Jednak przy różnych wrażeniach z winiarstwa, technikach starzenia i zabiegach na dębie, nie wszystko, co wychodzi z Boutenac, jest bombą owocową gotową do wypicia. Doskonałymi przykładami nie-bomb są wina z Château Grand Moulin, Château Maylandie’s Villa Ferrae, Cellier des Demoiselles’s Messaline i Château Ollieux Romanis’s Cuvée Or, ogromne, soczyste czerwone wino o intensywnych, czerwonych jagodach i obfitej porcji prażonego dębu. Wszystkie były pyszne i niezmiernie satysfakcjonujące, więc byłem rozczarowany, gdy dowiedziałem się, że nie wszyscy są obecnie importowani do Stanów. (Wyślij e-mail do wytwórni win w celu uzyskania informacji o dystrybucji i dostępności).



Wczoraj odwiedziłem z Martine i Jean Luc Quinquarletami z Posiadłość Familongue w pod-apelacji Terrasses du Larzac Coteaux du Languedoc. Wcześniej byli częścią spółdzielni, zaczęli tworzyć własne wino w 2002 roku i do tej pory podtrzymują nadchodzące selekcje.

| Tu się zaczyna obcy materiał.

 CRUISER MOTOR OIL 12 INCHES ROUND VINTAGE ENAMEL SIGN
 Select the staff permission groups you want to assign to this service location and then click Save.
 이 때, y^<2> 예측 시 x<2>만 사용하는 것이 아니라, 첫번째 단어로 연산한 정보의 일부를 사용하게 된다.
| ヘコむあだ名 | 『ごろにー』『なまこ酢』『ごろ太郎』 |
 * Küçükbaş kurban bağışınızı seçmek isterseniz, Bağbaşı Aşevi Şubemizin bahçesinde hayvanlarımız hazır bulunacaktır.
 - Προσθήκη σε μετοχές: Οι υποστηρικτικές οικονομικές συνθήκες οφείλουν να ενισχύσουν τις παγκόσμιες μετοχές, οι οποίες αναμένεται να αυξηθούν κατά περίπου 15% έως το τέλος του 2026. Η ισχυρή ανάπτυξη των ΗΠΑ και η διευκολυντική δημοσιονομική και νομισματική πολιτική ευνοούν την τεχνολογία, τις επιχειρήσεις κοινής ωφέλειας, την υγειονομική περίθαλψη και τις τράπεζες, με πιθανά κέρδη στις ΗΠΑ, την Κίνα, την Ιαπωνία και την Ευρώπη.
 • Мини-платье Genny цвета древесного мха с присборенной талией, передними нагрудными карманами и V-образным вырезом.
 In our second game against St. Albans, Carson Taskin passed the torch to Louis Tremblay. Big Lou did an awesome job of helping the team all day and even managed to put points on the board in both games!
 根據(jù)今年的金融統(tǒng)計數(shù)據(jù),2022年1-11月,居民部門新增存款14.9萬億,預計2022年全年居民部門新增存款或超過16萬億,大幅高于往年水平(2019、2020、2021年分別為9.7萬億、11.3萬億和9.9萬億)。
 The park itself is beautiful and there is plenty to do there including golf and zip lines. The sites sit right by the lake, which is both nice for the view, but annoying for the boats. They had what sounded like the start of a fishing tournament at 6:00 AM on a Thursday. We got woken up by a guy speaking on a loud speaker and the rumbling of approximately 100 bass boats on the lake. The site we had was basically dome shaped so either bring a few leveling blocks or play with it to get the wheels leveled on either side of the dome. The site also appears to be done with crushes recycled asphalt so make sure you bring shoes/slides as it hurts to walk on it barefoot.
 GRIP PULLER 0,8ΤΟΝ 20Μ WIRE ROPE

Produkują wina białe, czerwone i różowe, ale także eksperymentują z winami późnymi zbiorami i winami wzmocnionymi (choć produkcja jest niewielka). Oprócz wina rodzina ta produkuje również oliwę z oliwek z drzew posadzonych na swojej posiadłości, którą tłoczy, butelkuje i rozprowadza na całym świecie. Wina były oszałamiające, prezentując doskonałą równowagę i strukturę oraz pewną żywiołowość, pozostając jednocześnie powściągliwymi i przystępnymi. Wszystkie butelki były świetne, ale dla mnie gwiazdami były L'âme (soul) de Familongue z 2007 roku (ciemny i skoncentrowany z bogatymi czarnymi owocami, kremowymi ustami i dekadenckim malinowo-waniliowym wykończeniem) oraz 3 Naissances z 2007 roku (ładunki intensywnych czarnych jagód i malin, nuty skóry i roślin zielnych oraz bogate wykończenie mokka, za które można umrzeć). Niestety, 3 Naissances nie są obecnie dostępne w Stanach Zjednoczonych, ale pracują nad tym.

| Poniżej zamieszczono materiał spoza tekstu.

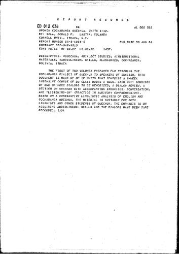 اولین جلد از دو جلد آماده آموزش گویش کوچابامبای کچوا به انگلیسی زبانان، این سند از 12 واحد تشکیل شده است که شامل یک دوره فشرده 6 هفته ای 20 ساعت کلاس در هفته است. هر واحد شامل یک یا چند دیالوگ است که باید به خاطر بسپارید، یک مرور گفتگو، یک بخش در گرامر با تمرین‌های همراه، مکالمه و “Listening-in” (تمرین در درک شنیداری). بر اساس تجزیه و تحلیل زبانی متضاد انگلیسی و کوچابامبا کچوا، این مطالب برای زبان شناسان و سایر دانش آموزان کچوا مناسب است. تاکید بر کسب مهارت های شنیداری زبانی است و گفتگوها ضبط شده اند.
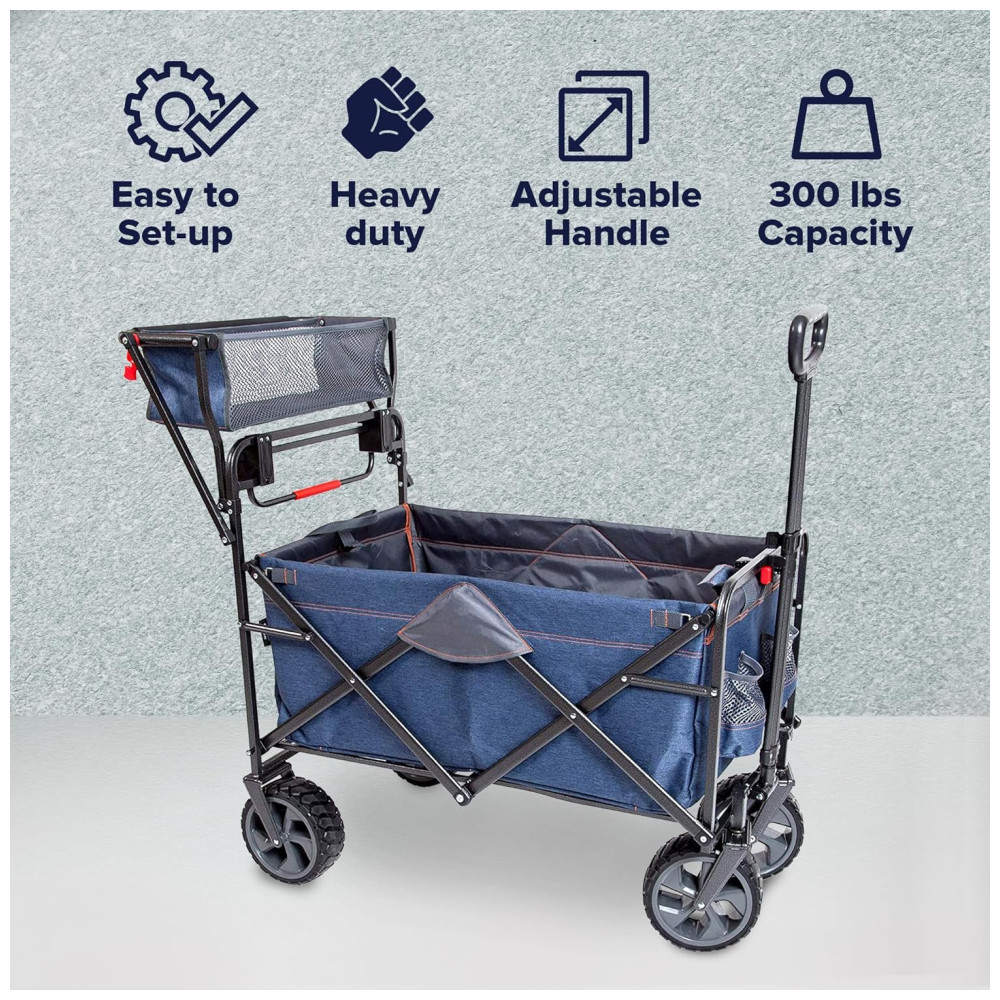 Carrinho Dobrável para Camping e Jardim com Rodas para todos os Terrenos e Compartimento Lateral Capacidade 136kg Mac Sports WPP100 Azul

Et finał, Vinisud. Ponieważ dzisiejszy dzień był pierwszym dniem imprezy, tłum był na pełnych obrotach, a nastrój był dobry. Wszyscy liczyli na spotkanie z różnymi producentami, rozmowę z winiarzami i wspólne degustacje ich win. Zacząłem od południe Francji , która serwowała ponad 400 win w swojej „budce” (która bardziej przypominała róg jednej z sal). Wprowadzona w 2006 r. Nazwa Sud de France została stworzona, aby pomóc w promocji win i żywności z regionu Langwedocja-Roussillon, do której mogli dołączyć tylko producenci AOC / IGP (bez win stołowych). Dzięki temu pewną jakość wina reprezentuje marka, która z roku na rok zdobywa międzynarodowe uznanie.

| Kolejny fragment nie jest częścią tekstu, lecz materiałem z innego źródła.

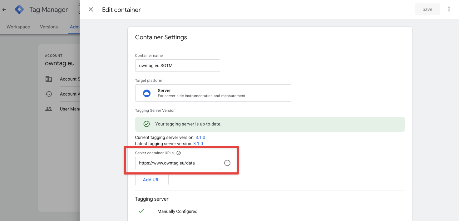 Finally, go to your Server-Side GTM container settings at tagmanager.google.com under Admin > Container Settings and enter the URL including the directory name, for example, https://www.example.com/data (without any trailing slash):
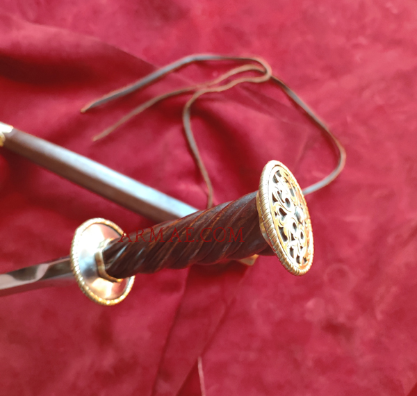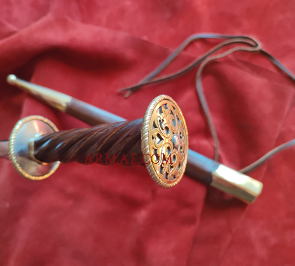 This superb reproduction of an Italian-type rondel dagger corresponds to a piece from the first quarter of the 16th century. Its long, slender, triangular-section blade is designed to slip between the plates of an opponent’s armor. While the rondel guard protects the hand, the rondel pommel allows the fighter to apply strong pressure with the other hand, in order to pierce gambesons and chain mail and reach vital organs. The richness of its decoration testifies both to the armorer’s skill and to the rank of its owner. The scabbard features two leather laces allowing the weapon to be secured to the wearer’s clothing.
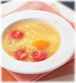 キャベツ、玉ねぎ、トマトをバターで炒める。水、コンソメ顆粒を加え、塩で味をととのえ、器に盛り、目玉焼きを加えて粗びきこしょうをふる。
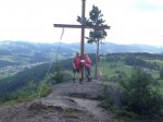 Um 17.15 Uhr machen wir uns zur letzten Etappe dieses Tages auf. Immer wieder haben wir „Gipfelkreuz“ gehört und nicht gewusst, wie und was. Der Weg führt uns leicht hinauf und wieder leicht hinunter bis zum kurzen steilen Anstieg zum Gipfelkreuz. Ein wunderbarer Platz mit einer wunderbaren Aussicht. Im Tal unten liegt Königswiesen unser Tagesziel. Ein Radfahrer aus Wien ist zur gleich Zeit oben und so machen wir jeweils voneinander Fotos. Wir sind uns einig: Ein Gipfelerlebnis mitten im Mühlviertel auf 920 m. Wir sind dankbar, hier zu sein und es drängt uns gar nicht talwärts. Es muss aber sein. Nach einem Abstieg von 920 m auf 610 m erreichen wir Königswiesen um 19.15 Uhr. In der Kirche ist gerade der Abendgottesdienst und wir beten das Vater unser mit. 9 1/2 Stunden Gehzeit liegen hinter uns. Das Wetter war uns wohlgesonnen. Shorty wird wieder daheim sein. Wir genießen in trauter Zweisamkeit den Gastgarten der Karlingers und lassen den Tag nochmals vorüber ziehen. Wir sehen ihn als großes Geschenk. Der Hunger ist „vergangen“ und so brauchen wir nur eine Kleinigkeit. Wer geht, braucht weniger Essen. Es war anstrengend – aber nährend. Die Kraft kommt im Gehen. Wir gehen bald ins Bett, den der morgige Tag beginnt um 4.15 Uhr.

Postanowiłem spędzić resztę dnia skupiając się na różnych Vin de Pays z regionu. Podobały mi się wina z Domaine de Blancardy , którzy są w produkcji od 10 lat. Ich wina Vin de Pays d'Oc wydawały się świeże i bardzo dostępne, a moim zdaniem nic nie smakowało, otrzymując mniej niż 86 i kilka klejnotów, takich jak 2007 Coteaux du Languedoc i 2007 Fût, które są w 100% Syrah i mają 18 miesięcy w nowy dąb. To samo dotyczy Domaine de Puilacher, której cztery wina z trzyosobowej rodzinnej operacji smakowały w 87-88 punktach. Ponieważ jest to dopiero ich drugi rocznik, w miarę rozwoju i ekspansji można oczekiwać, że wyjdą od nich tylko dobre rzeczy.

Wina czerwone z Chateau Fondouce też nie zawiódł. Chociaż wcześniej przeglądałem niektóre wina, ta posiadłość zadziwia mnie, ponieważ naprawdę pokazuje pewien potencjał win Coteaux du Languedoc i ich wieku, Cuvée Julien 2000 był nadal dość wytrzymały, owocowy i taniczny, a jednocześnie z pewnością pijalny teraz też można było go przytrzymać nieco dłużej.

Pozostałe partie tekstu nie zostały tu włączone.